Best way to initialize objects in a slab allocator?

I'm working on implementing a slab allocator, and I'm trying to figure out how to design the initialization API. In particular, slab allocators allocate slabs of already-initialized objects. In order to accomplish this, the client must provide some way of specifying how objects are to be initialized.

This is where I'm running into problems. There are three primary desiderata that are in conflict with one another:

  • The client should not need to write any unsafe code
  • The allocator should impose the fewest requirements possible on what sorts of objects can be allocated (e.g., trait requirements)
  • The initialization should be as fast as possible

I've come up with two potential solutions, but neither are ideal:

Solution 1
The client provides a function with the signature new() -> T which initializes and returns a new object of type T. When initializing a new object in a slab, the allocator calls the client's new() function, and moves the resulting T into the proper location in the slab, overwriting the previously-uninitialized memory at that location.
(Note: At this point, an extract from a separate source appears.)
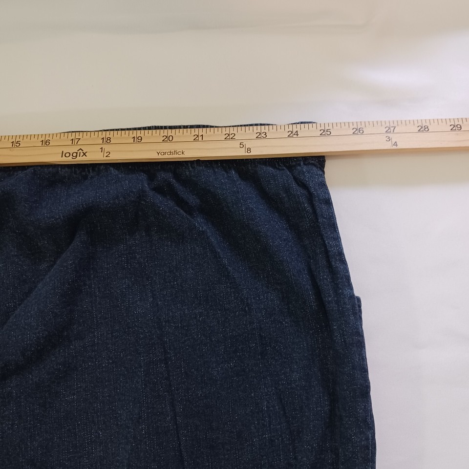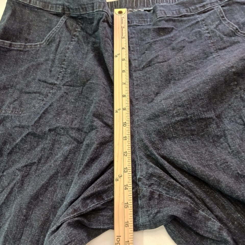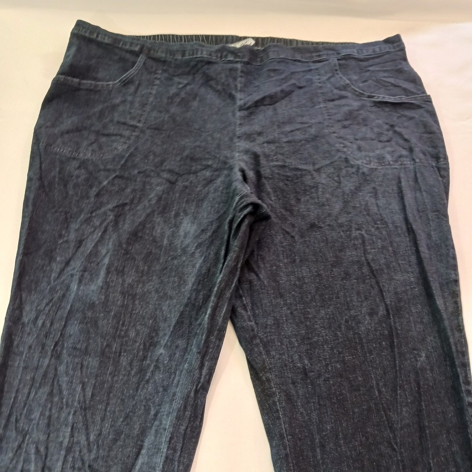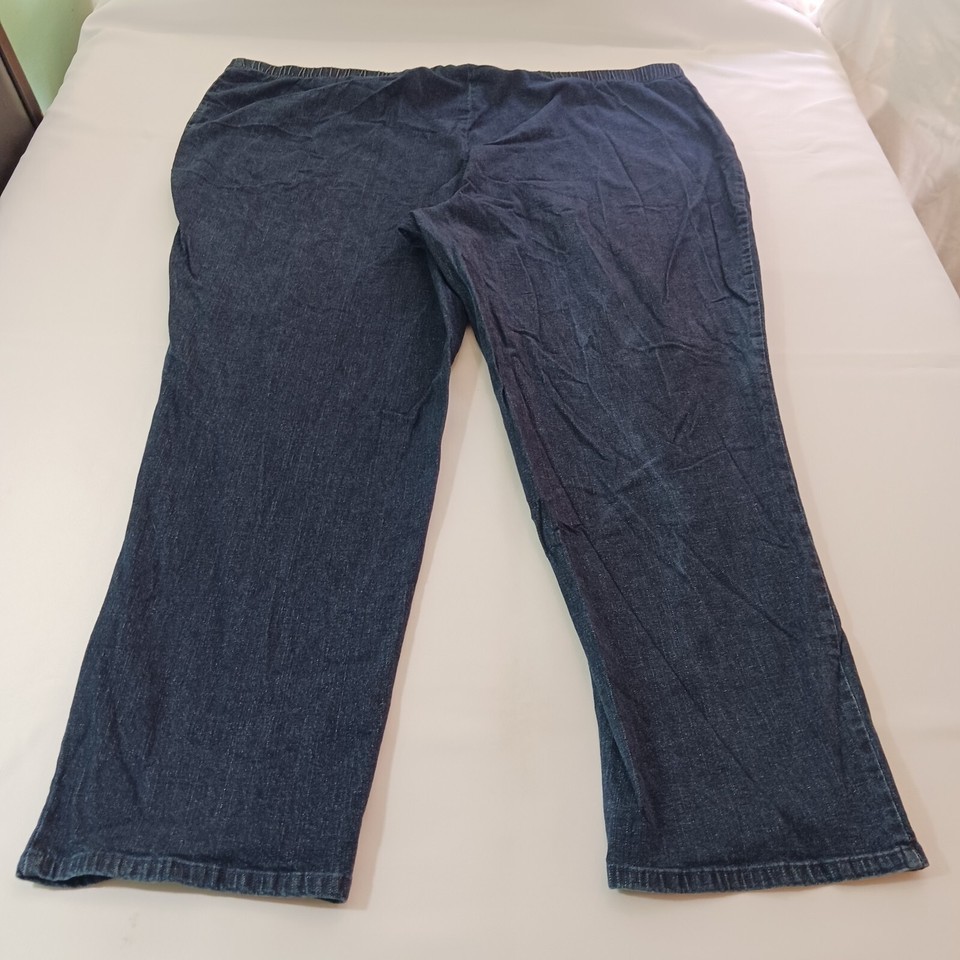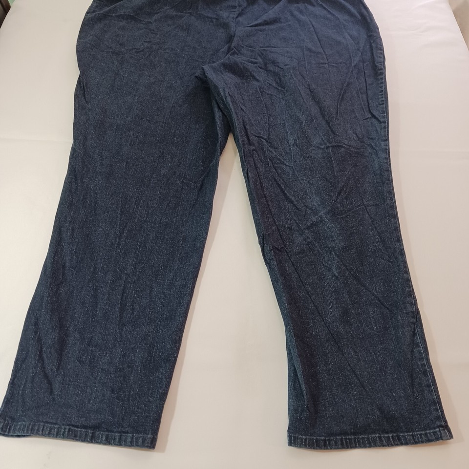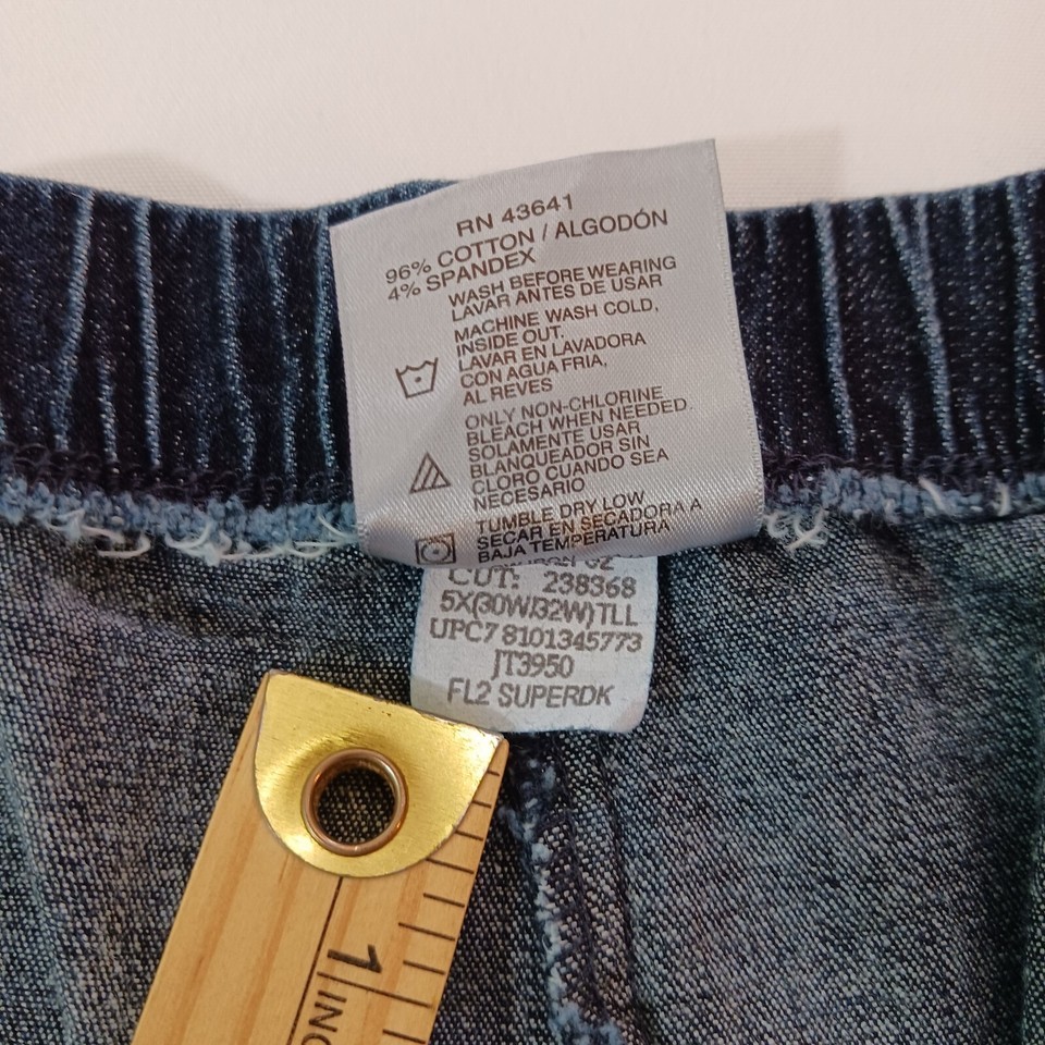 This is a pair of Just My Size women's denim jeans in a size 5X tall with a 50-inch waist and 30.5-inch inseam. The jeans feature a solid pattern in a classic blue color, with a zip closure and elastic waist for easy pull-on style. Made of a blend of spandex, cotton, and cotton blend fabric with a denim texture, these straight-fit jeans have a high rise and button accents. The design includes an American theme and is suitable for plus-size women seeking a comfortable and stylish wardrobe staple.

This approach allows the client to write a new() function which doesn't require the use of unsafe code. However, it is not performant because it might require an expensive memory copy in order to move T from new()'s stack to the slab (I don't think that the Rust compiler can optimize the copy out in the general case?) . Worse, I could be wrong about this, but I think this precludes cyclic recursive data structures since it's not safe to take a reference to the initialized object since its address will move if it's copied from new()'s stack to the slab.

Solution 2
The client provides a function with the signature init(ptr: *T), where ptr is a pointer to raw, uninitialized memory of the proper size to hold a T. When initializing an object, the allocator calls init with the address of the object's underlying memory in the slab, and init is responsible for constructing it such that ptr now points to a valid T.

This approach sidesteps the performance and recursion issues of Solution 1, but it requires the client to write unsafe code, which is not desirable.

The Question
So my question is this: Is there some way to avoid these issues and find a solution that achieves all of the desiderata outlined above? If not, does anyone have guidance on what should drive the tradeoff between the two solutions presented (or perhaps a third solution which is similarly imperfect)?

Thanks!

If you could require the objects to be Copy, then you could safely memcpy them around.

Instead of init(*T) you could require objects to implement Default and pass init(&mut T) to a default object instead.

Calls to (unboxed) closures are always inlined, so there's a high chance that Rust will optimize out needless memcpy's.

Ah, I like the Default + init(&mut T) approach.

Also, I should clarify that my issue with recursion with Solution 1 is not just recursive types, but types with cycles, where you need to know the address of the object at init time in order to construct references to it. The Default + init(&mut T) approach solves this, though.

It sounds like you'd do well with the upcoming Placer API.